In my tenure as Credit Manager, I owned the provision figure as much as I owned the ledger balance and any changes had to be agreed with me first.
The reality is that in your medium to large Company, if there is a significant bad debt, the first question that will be asked is “Is it provided for?” – If it is there will be no serious repercussions, if it isn’t and that amount will hit the reported profits of the current month, then you have a problem of a completely different scale. News of the loss will be debated hotly in the boardroom as it has ruined the whole months figures and when that happens someone will come looking for someone to blame. Any ideas who that might be? Probably not the sales person!
If you have a Credit Policy, and you should, you should have a clear outline of your provisioning policy. You should have specific provisions against specific balances you know are very high risk. You should also have a general provision with agreed %, preferably split between high, medium and low risk accounts. You need to look at previous performance, your current ledger risk profile and the market conditions in each industry sector in arriving at your figures. You should also take into account the age of the debt. The Credit Management Handbook tells us that we can expect to get 80% of debts more than 60 days overdue, 50% of debts more than 180 days overdue and only 10% of debts more than 360 days overdue, this can be used as a simple rule of thumb to give you a starting point in building accurate provisions.

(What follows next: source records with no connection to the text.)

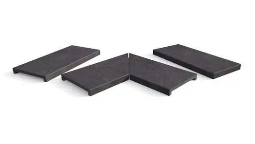 Florence Dark Porcelain Coping Stones, in combination with matching paving and step treads, help create a sophisticated unified design in a charcoal shade that gives strong contrast to green foliage and welcomes the addition of bright colour accents. Wall coping also serves more than a decorative purpose, protecting walls from excess dampness, and can provide useful extra seating or a platform for pots and planters. All our porcelain coping stones come in a range of four styles, with edge profiles suitable for modern, linear designs and more classic settings. We recommend that all customers read our product & installation guides before buying.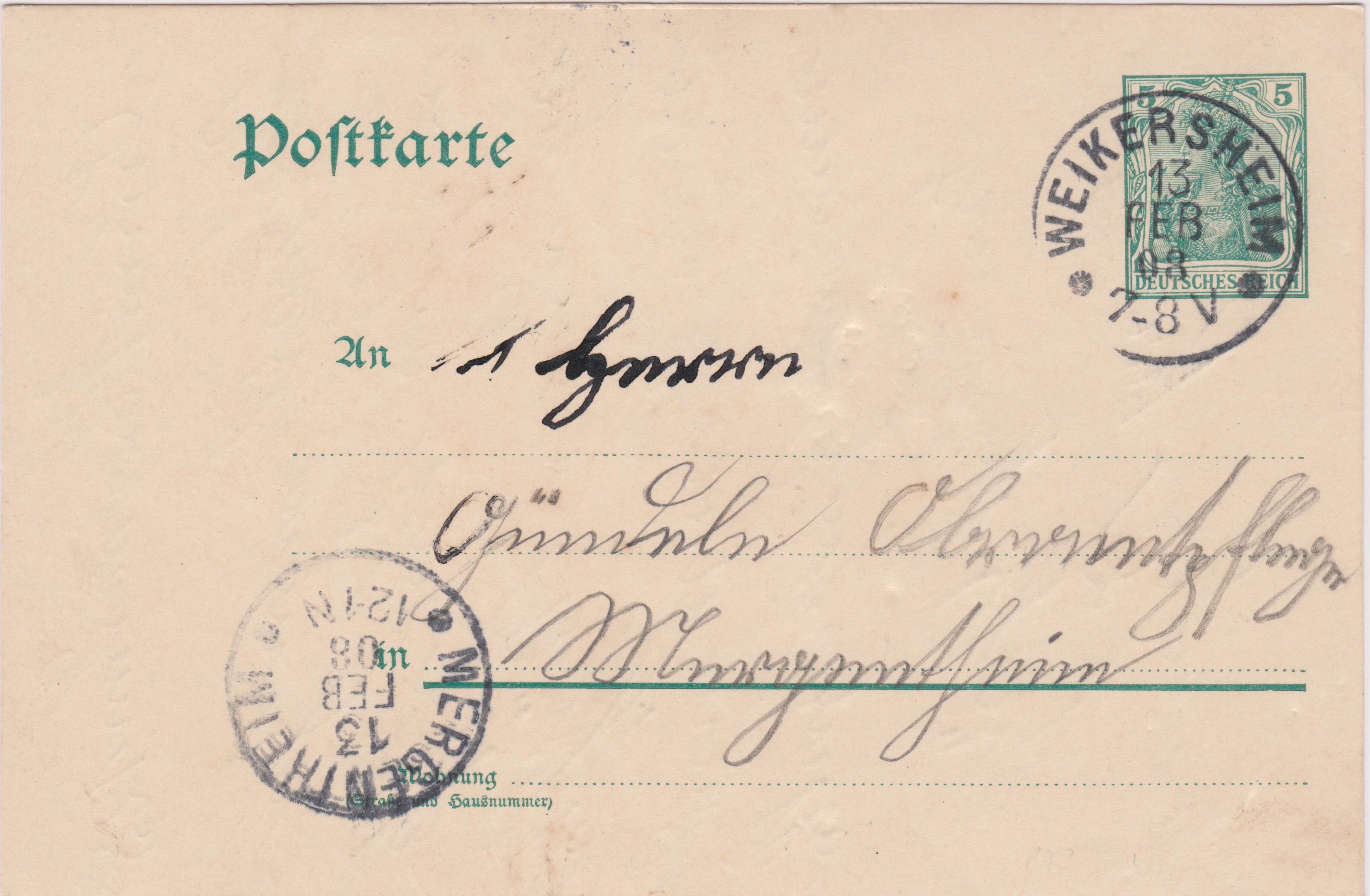 Ganzsache Germania 5 Pf, MICHEL P 73 mit Wasserzeichen "DR/III/7", aufgegeben am 13.02.1908 in WEIKERSHEIM: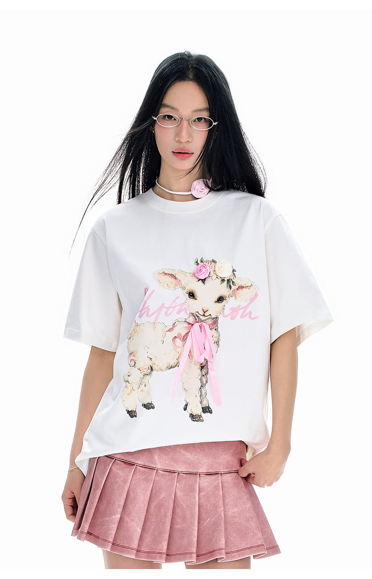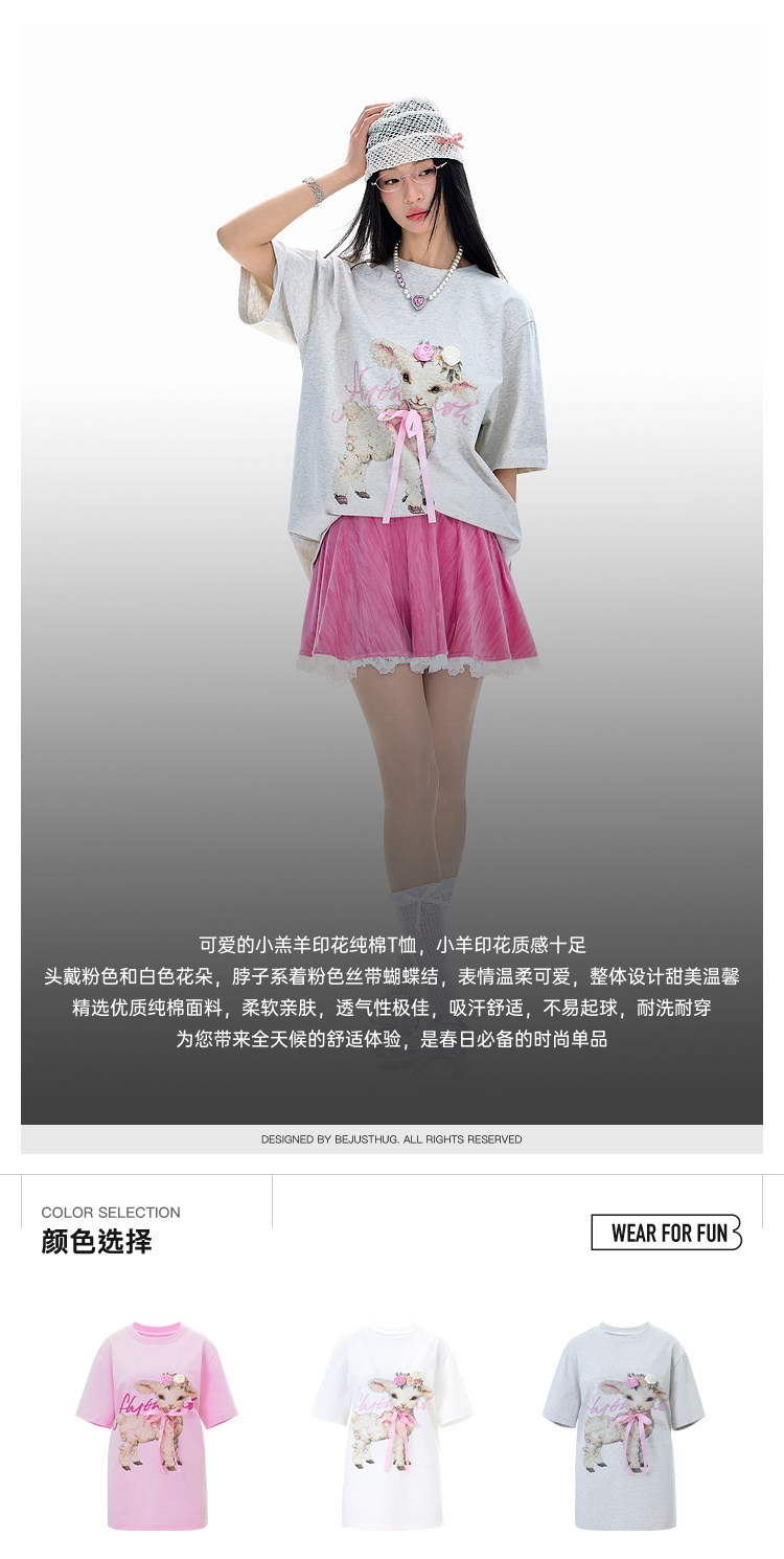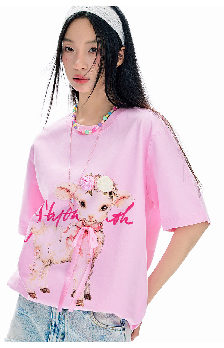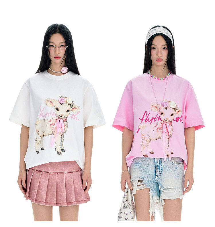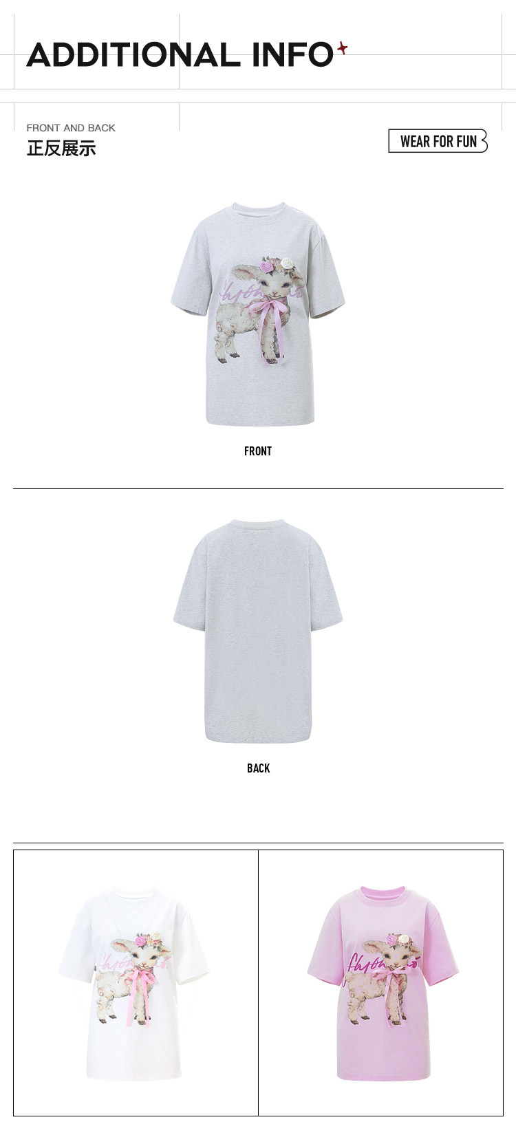 FTT FlyTheTruth 小羊印花短袖T恤女夏季宽松慵懒设计感纯棉上衣

You should also have some trigger for writing off old balances you know you will never get. Too often I see balances four or five years old still on the ledger and worse still they are still printing and posting statements to them on a monthly basis adding cost to an already lost cause.
You should get some third party opinion before you write off old balances (maybe from The Credit Coach!), if there is one thing worse than keeping a balance on your ledger too long and that is writing off a balance that is collectable, if a different approach is taken.
There is a wealth of services available to you through The Credit Coach to help you make informed decisions every time. The information is there and it is in your own interest to use it.
If you do nothing else having read this article, have a look at your current bad debt provisions and see how they compare to last years write offs, and ask your self are they realistic.